-------- INFORMATION --------

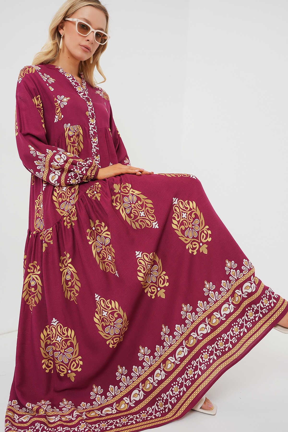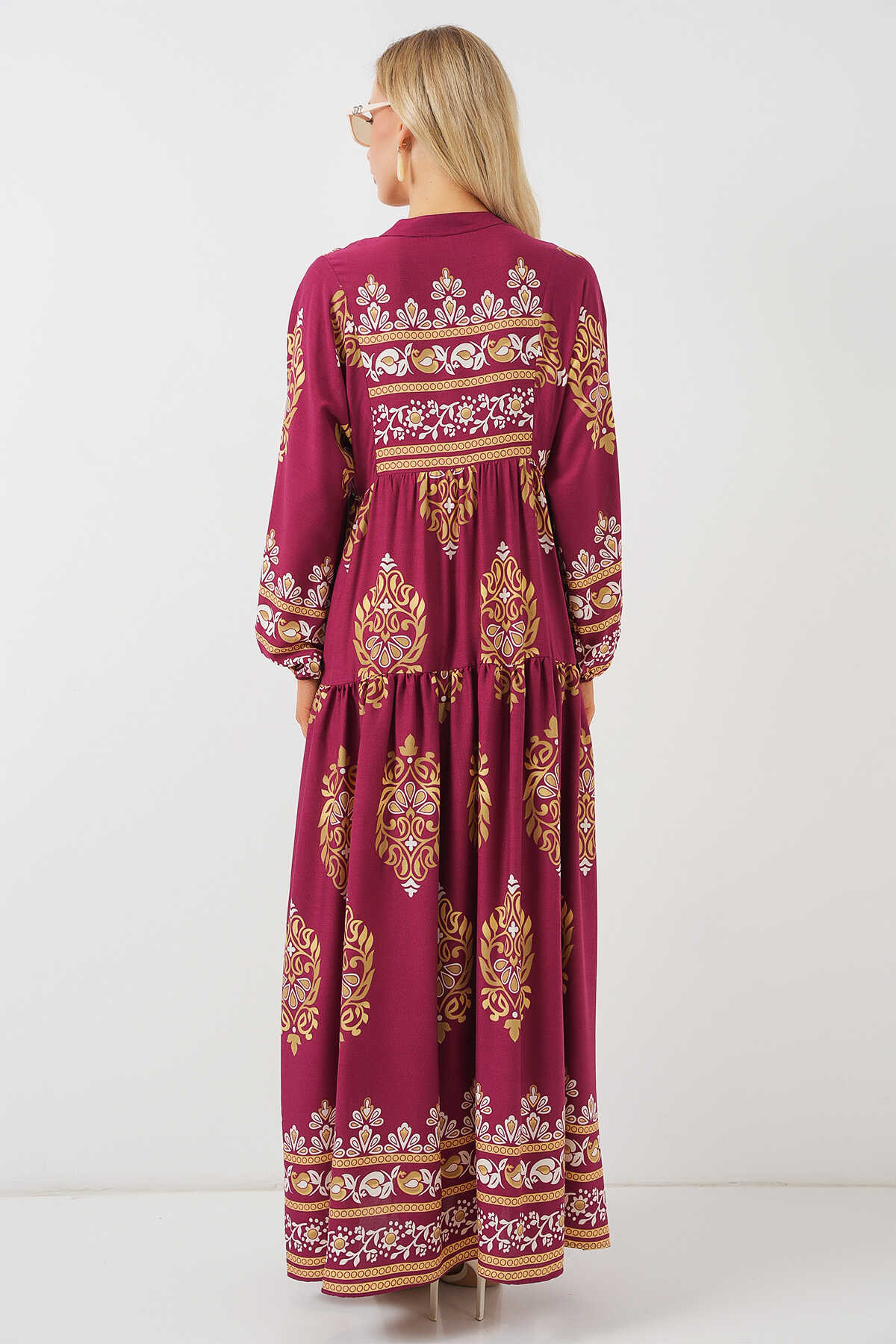 2423 Otantik Desenli Tesettür Elbise - Z.Bordo
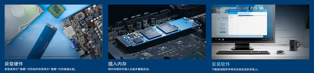 在 Intel 的官网上,清晰明确地说明了要想享用傲腾内存的三个步骤:获取硬件,插入内存,安装软件。
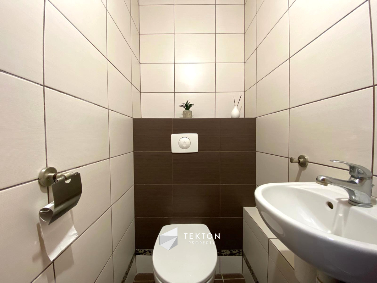 Łazienka i toaleta – świeżo po remoncie, wykończone w nowoczesnym stylu.
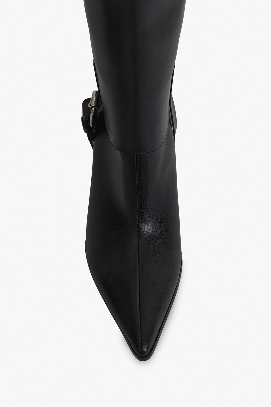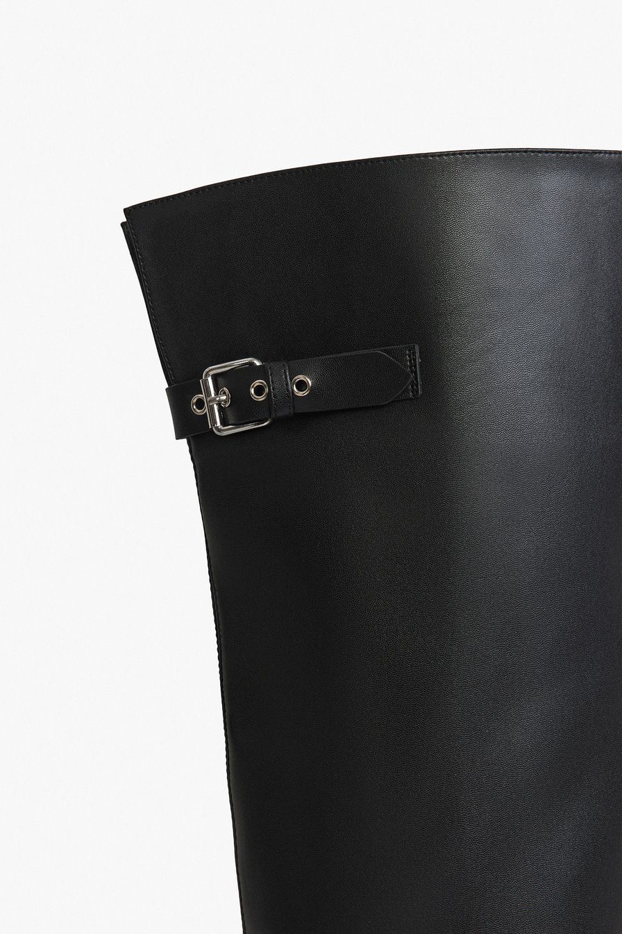 Черные ботфорты из микрофибры – высокопрочного заменителя натуральной кожи на основе микроволокон. Благодаря отстегивающемуся голенищу ботфорты трансфомируются в ботильоны.
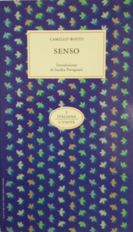 ♦ Camillo Boito, SENSO e altri racconti ( Macchia grigia / Il collare di Budda / Meno di un giorno / Il demonio muto / Senso ), introduzione di Sandra Petrignani. Roma, Editrice l’Unità, Collana «I Libri dell’Unità – Italiana, n.3 (supplemento al n.38 dell’Unità del 4 ottobre 1993), settembre 1993. Brossura a colori con composizione grafica di Giovanni Lussu. Pp. 130. Cm. 18,5 x 11.

--------

● WORK REQUEST:
Look above for the line with "在 Intel 的官网上,清晰明确地说明了要想享用傲腾内存的三个步骤:获取硬件,插入内存,安装软件。" and the line with "Черные ботфорты из", then restate exactly those two lines and all lines between them, with no pictures.

● EXERCISE RESPONSE:
 在 Intel 的官网上,清晰明确地说明了要想享用傲腾内存的三个步骤:获取硬件,插入内存,安装软件。
 Łazienka i toaleta – świeżo po remoncie, wykończone w nowoczesnym stylu.
 Черные ботфорты из микрофибры – высокопрочного заменителя натуральной кожи на основе микроволокон. Благодаря отстегивающемуся голенищу ботфорты трансфомируются в ботильоны.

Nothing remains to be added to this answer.